┌──

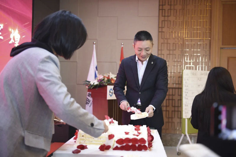 并現(xiàn)場切蛋糕分發(fā)到每個人手上
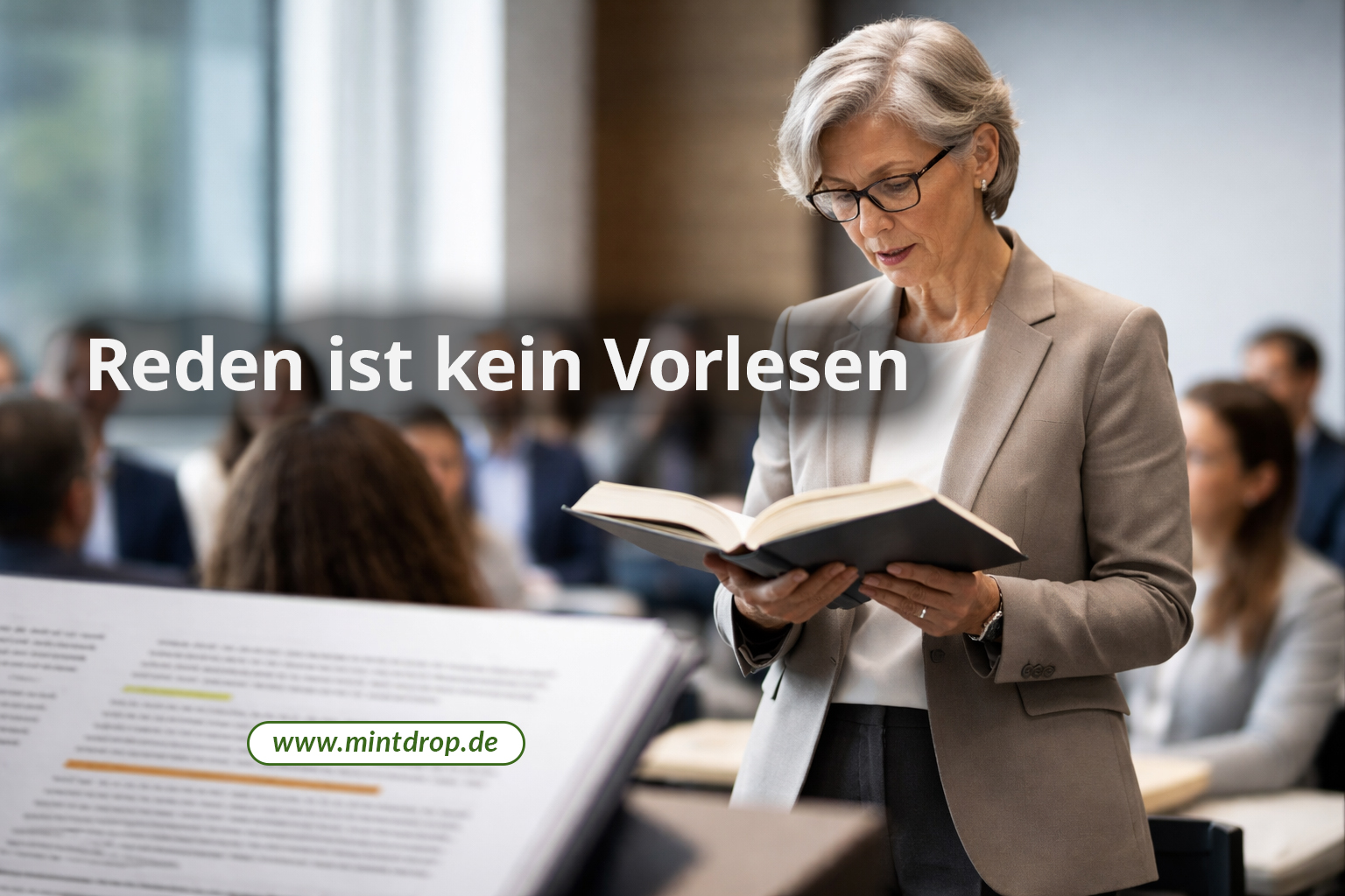 Vorlesen erzeugt Distanz. Freies Sprechen erzeugt Kontakt. Vorlesen fixiert den Blick auf das Manuskript. Freies Sprechen öffnet den Blick für Menschen. Vorlesen hält an Formulierungen fest. Freies Sprechen hält am Gedanken fest. Das ist ein fundamentaler Unterschied.
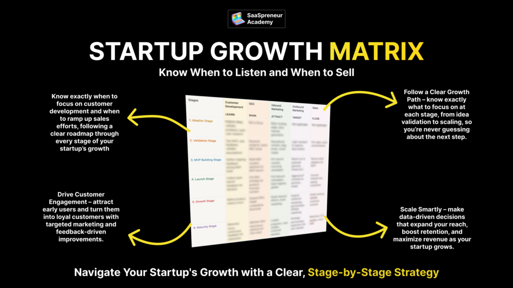 What if you could confidently know exactly what to focus on at each phase of your startup's journey? The Startup Growth Matrix guides you from idea to maturity, helping you zero in on the steps that truly move the needle.
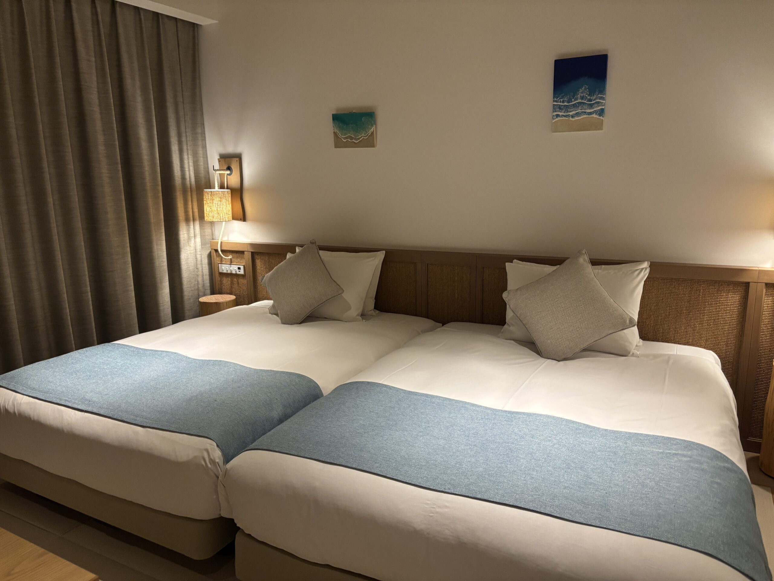 ▼今回は、こちらの「コンセプトルーム」に宿泊しました。 公式サイトによると、「沖縄の海と空を連想させる伝統工芸品やアートを使用しており、爽やかな沖縄を感じられる配色のお部屋」とのこと。期待が高まりますね♪
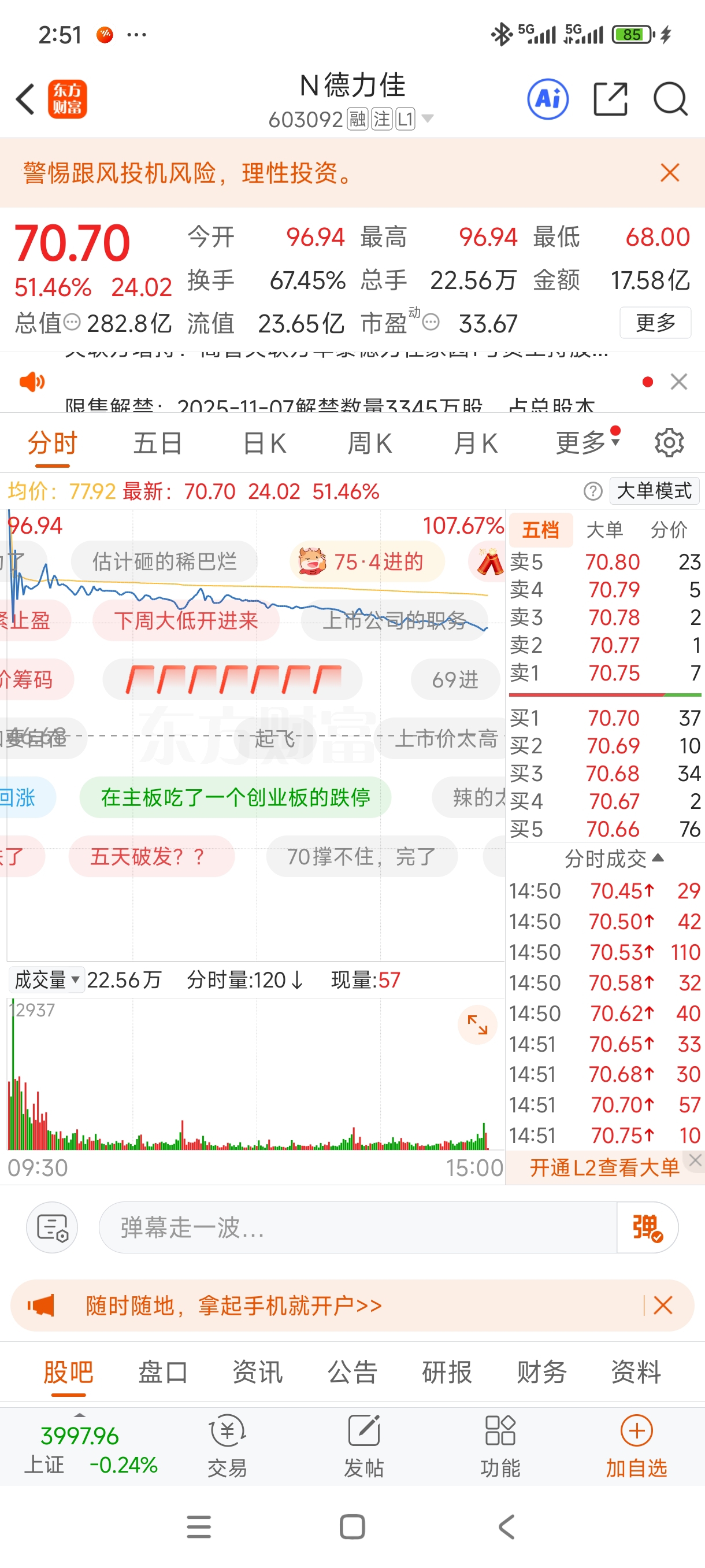 $N德力佳(SH603092)$ 真狠

└──

TASK TO CARRY OUT:
What you return must match the material above exactly, minus its pictures.

WRITTEN ANSWER:
 并現(xiàn)場切蛋糕分發(fā)到每個人手上
 Vorlesen erzeugt Distanz. Freies Sprechen erzeugt Kontakt. Vorlesen fixiert den Blick auf das Manuskript. Freies Sprechen öffnet den Blick für Menschen. Vorlesen hält an Formulierungen fest. Freies Sprechen hält am Gedanken fest. Das ist ein fundamentaler Unterschied.
 What if you could confidently know exactly what to focus on at each phase of your startup's journey? The Startup Growth Matrix guides you from idea to maturity, helping you zero in on the steps that truly move the needle.
 ▼今回は、こちらの「コンセプトルーム」に宿泊しました。 公式サイトによると、「沖縄の海と空を連想させる伝統工芸品やアートを使用しており、爽やかな沖縄を感じられる配色のお部屋」とのこと。期待が高まりますね♪
 $N德力佳(SH603092)$ 真狠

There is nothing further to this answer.